For the stent specimens, two different surface areas were tested. The smaller surface area of 0.34 cm² was created by cutting the stent such that only one continuous ring of stent was exposed to the testing solution. The larger surface area of 13.5 cm² had nearly 40 continuous rings of stent exposed. As with the wire samples, the stents were attached to a sample holder with conductive silver paint and twice coated with a nonconductive lacquer and dried overnight.

Poisson distribution

In addition to performing corrosion tests, the study also attempted to predict when corrosion will happen with a Poisson distribution model showed by Eq. (1).

$$P(k) = e ^\wedge ( - \lambda )\lambda ^\wedge k/k!$$

(1)

P(k) models the probability of k number events occurring in a given interval. Lambda (λ) is the expected number of occurrences. This model will be applied by counting the number of pits in each surface area of the wire. In this case, P(k) will be the probability that k number of pits would occur per surface area, while λ is the average number of pits per surface area. The model distribution will be then compared against the observed number of pits. This statistical approach has been used previously to establish a statistically significant sample size for corrosion testing²⁰.

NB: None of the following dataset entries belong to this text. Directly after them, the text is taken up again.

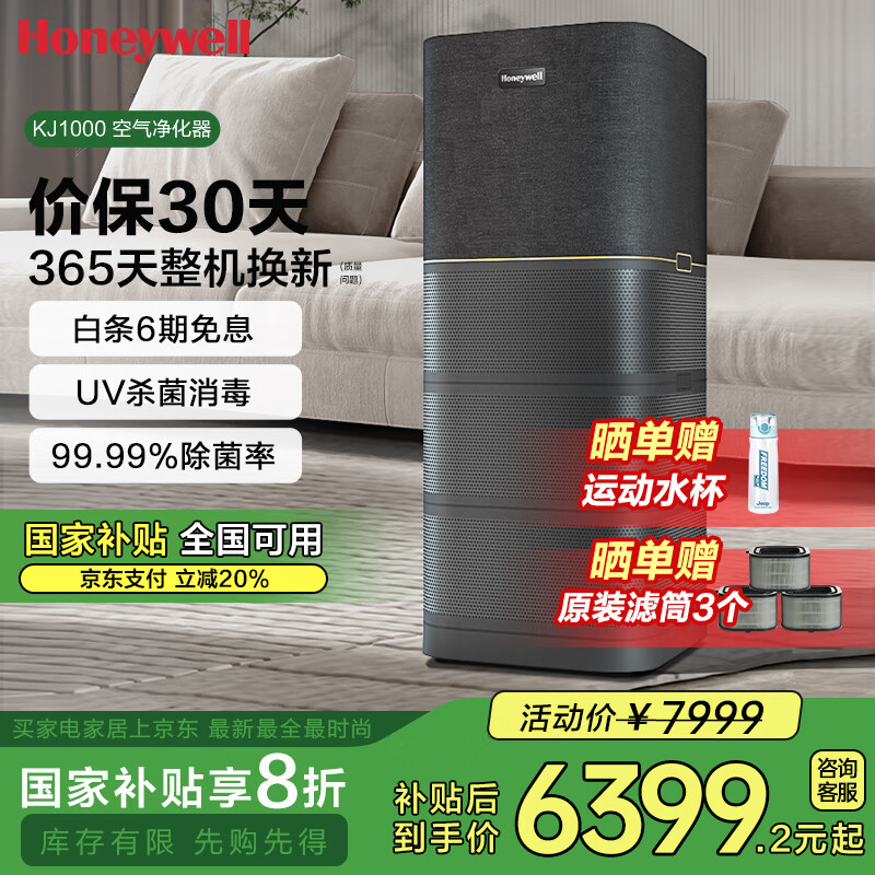 霍尼韦尔(Honeywell)空气净化器除甲醛细菌流感病毒 卫健委备案消毒机h-max 大空间速净【家电补贴】KJ1000F-P22B价格:7999.00元!
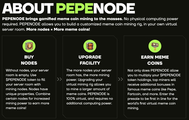 Now PEPENODE comes along with something completely different. Instead of just holding tokens and hoping for the best, users get to play a mining game. No real mining equipment needed. No electricity bills. Just virtual nodes that you can buy and upgrade.
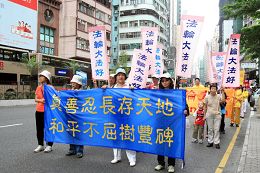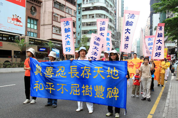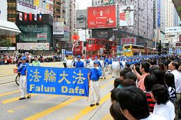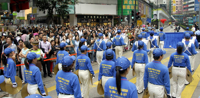 台湾法轮功学员近二百人组的天国乐团应邀参加香港二千万退党(退出中国共产党、退出共青团和退出少先队)大游行活动
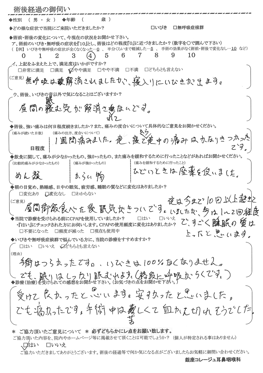 (理由) 手術は辛かったです。いびきは100%無くなりません。でも、眠りはしっかり眠れます。(格段に呼吸が楽です)

In order to count the number of pits, after the corrosion test, the wires were removed from the sample holder, rinsed with deionized water, and dried. The pits found in the entire length of the wire were counted under a stereo microscope (Nikon SMZ-10). It is expected that the pits will not appear uniformly, so for efficiency, clusters of pits were counted instead of individual ones (Fig. 7g). A cluster of pits (Fig. 7h) is considered as a group of multiple pits that appeared inside another pit.

Statistical analysis

Statistical analysis was performed using Minitab (Minitab Inc., State College, PA). The breakdown potentials, E_b, of all the samples at each surface area were compared through a Log Rank test with right censoring. This is because when the samples did not experience a breakdown, E_b was assumed to be 1000 mV. Statistical significance was set at α < 0.05. Additionally, a chi-square (Χ²) test performed in MS Excel (Microsoft Corp., Redmond, WA) was used to determine the goodness-of-fit between the Poisson distribution model and the observed number of pits. Since the sample size is small, William’s correction factor was used.